A HUGE CONGRATULATIONS to Aaron and Mellissa Kelly. Aaron's Am 2nd with Booster leaves him needing 1 more point for his AFC. The Am 3rd with Josh is Aaron's first AA placement with him. Josh was a hunt test dog owned by Aaron's father, Dwayne. When Dwayne passed away, Aaron inherited Josh and has done a wonderful job with him. Both dogs have been totally amateur trained and handled by Aaron and Melissa.

Pete


----------



## Paul Rainbolt (Sep 8, 2003)

Congratulations! Arron and Mellissa


----------



## Shayne Mehringer (Jan 3, 2003)

What a great weekend!!!

The Boogie puppy had lastserieslastbirditis in the derby, but ran a great trial. John and Susanne Caire put on a top notch derby. Straight forward stuff.... it was good to see that. I heard the Qual was really good as well. Kudos to them.
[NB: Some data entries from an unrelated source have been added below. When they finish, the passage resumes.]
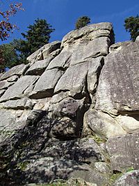 Z hradby výš k nebesům výrazně vystupují čtyři bloky – Hladká, Čertova stěna, Plochá a Kolébka, kterýmižto názvy byly obdařeny horolezci. Ti tady na stěnách mají už 84 vyznačených cest.
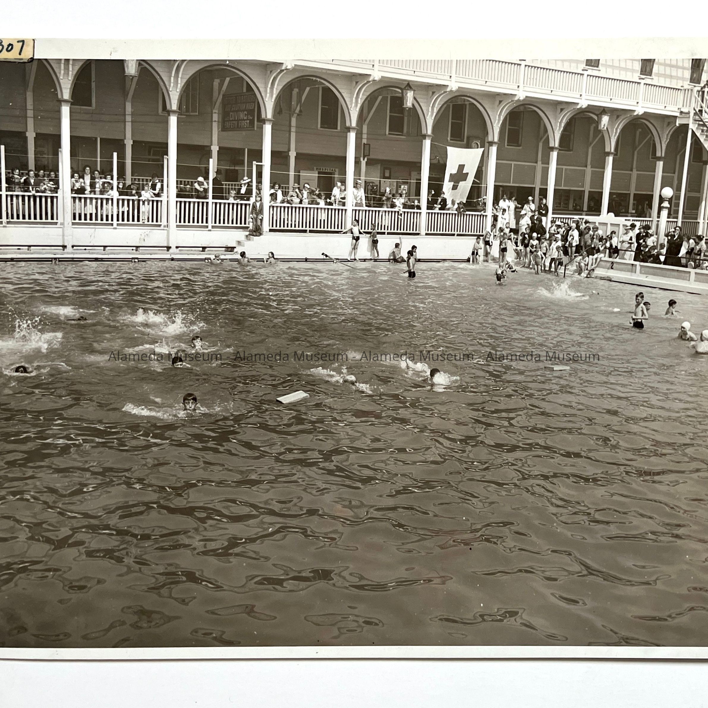 History of Object: Another view of swimmers participating in the Alameda Chapter American Red Cross Swimming Campaign.
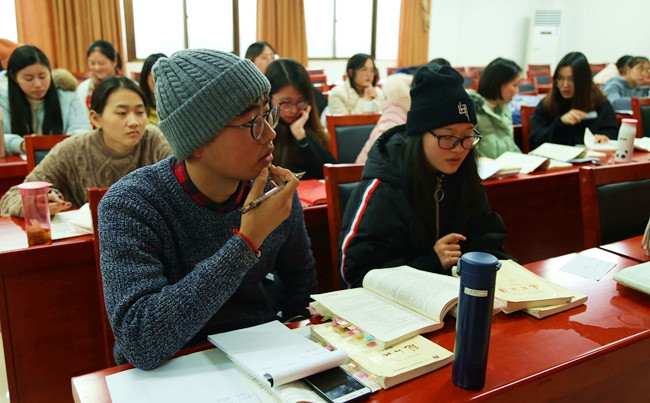 三点的钟声一响,古代汉语答疑会准时开始。会议伊始,尹戴忠教授说明了顺利通过研究生考试的第一要素——心态。“考试时不要想太多,尽力去答,只要熟悉书本,我相信你们一定没有问题!”其后,她向同学们强调了几个在研究生考试中重要的考点:简答题的答题方法,以及翻译的要点等等。同学们时而抬头,神情严肃而认真,聆听老师的讲解;时而低头,笔尖沙沙地在书本上划过,记录下重要的考点。
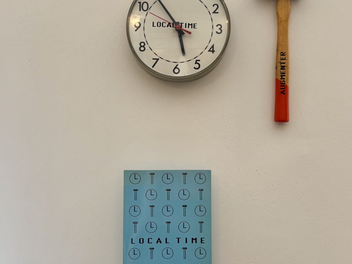 After more than 15 years, we decided to re-hang the clock and hammer by French artist Jean-Luc Vilmouth. It forms an important focal point in Copyright and, for Hilde and Johan in particular, serves as a reminder of Jan Hoet’s 1986 exhibition “Chambres d’amis.” Their then-apartment on the Coupure in Ghent was also part of the circuit, and Jean-Luc Vilmouth created an installation there in three interconnecting rooms.
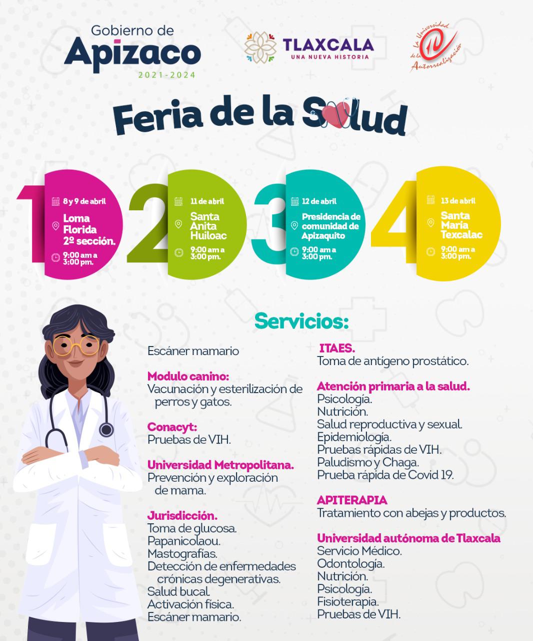 Además, del 8 al 13 de abril se llevará a cabo en cuatro comunidades, una feria de la salud en la que participa el Gobierno del Estado y la Universidad Autónoma de Tlaxcala, para acercar diversos servicios a la población.
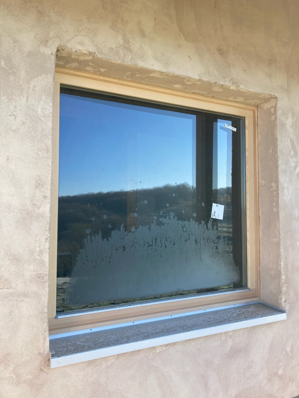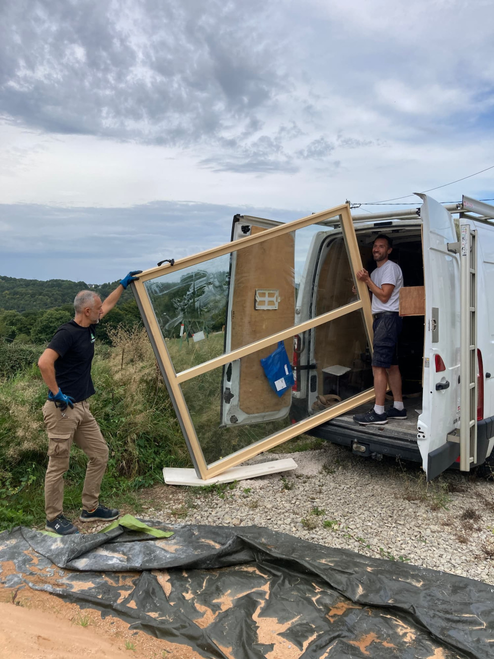 Aujourd'hui c'est Pipo et son équipe qui arrivent avec nos 10 menuiseries fabriquées en Pologne avec du pin du nord. La qualité des fenêtres à l'air excellente. On est bien content qu'ils s'occupent de l'installation car les menuiseries sont lourdes. Il faut utiliser des ventouses et faire très attention car un vitrage reste fragile. Il n'y a pas droit à beaucoup d'erreur.
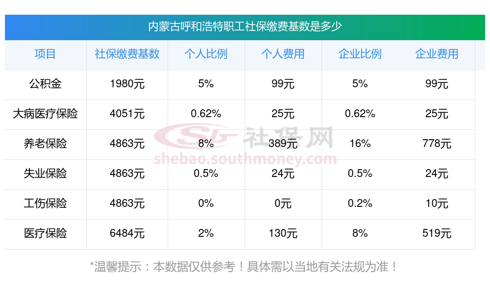 二、内蒙古呼和浩特职工社保缴费基数是多少钱一个月?职工社保缴纳标准
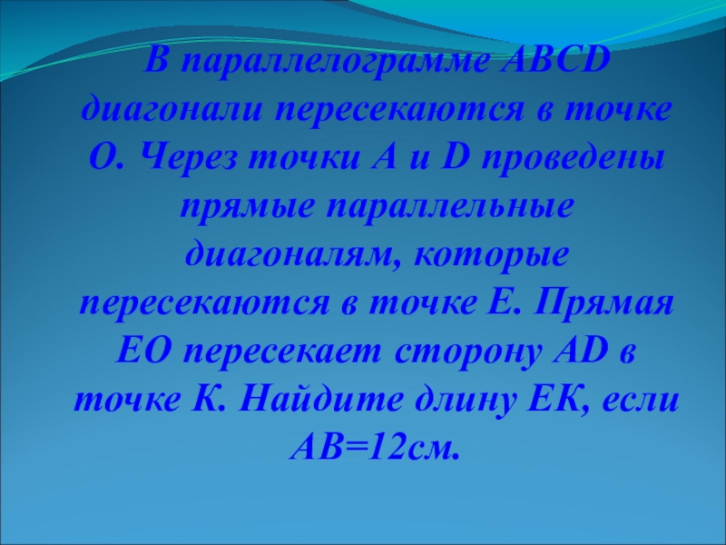 и D проведены прямые параллельные диагоналям, которые пересекаются в точке Е. Прямая ЕО пересекает сторону AD в точке К. Найдите длину ЕК, если АВ=12см.
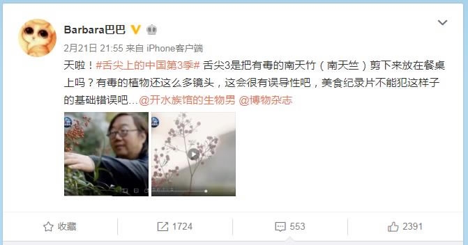 At the same time, food blogger @barbarababa questioned whether it is appropriate to give a close-up shot of the poisonous plant nandina in a food program.
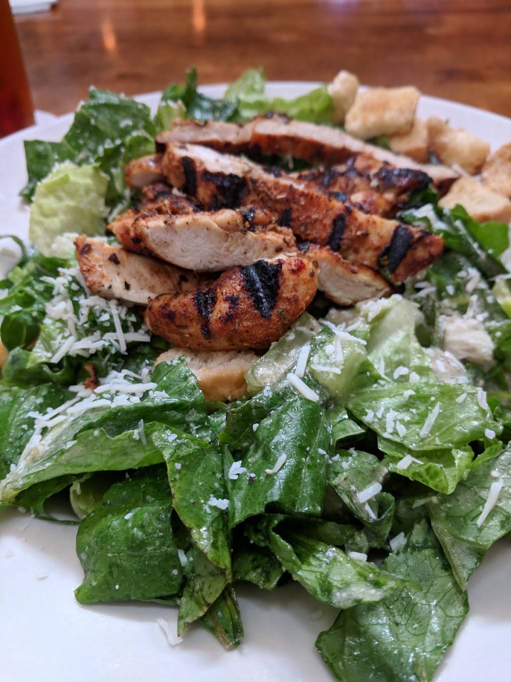 Very nice patio, waitress was great, but the food wasn't my favorite. I ordered the fried mushrooms and the steak salad. Fried mushrooms were pretty good and there were plenty. The steak salad was just okay. My steak was definitely not med-rare but I also understood that this was not a steakhouse.
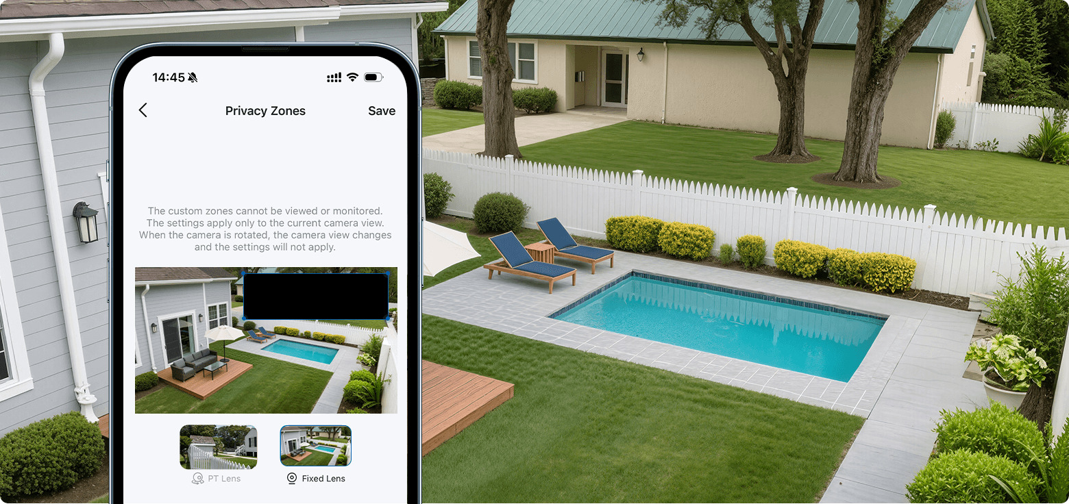 Take control of your privacy by defining customizable privacy zones. This feature allows you to block recording in designated areas within the camera's view, ensuring personal spaces and neighbor’s yard remain unmonitored.

Big congrats to Frank for getting a piece of both big dog stakes!

Major props to Aaron Kelly for 2 more points towards Booster's AFC (i think he only needs 2 more now) and for JOSH getting a piece of the AM as well.

Also congrats to Rosenblum and Norman. He's rackin up those points!!

SM


----------



## rufsea (Jan 4, 2003)

Congratulations to Bill Bowen, Danny Farmer and Ryan Brasseaux on the Open win with Ruf Sea's Angus!!!!!

That gives Gus his FC - the last two trials he ran, he has won. Great Job guys.



I miss that dog regards,
Ken Erikson (rufsea)


----------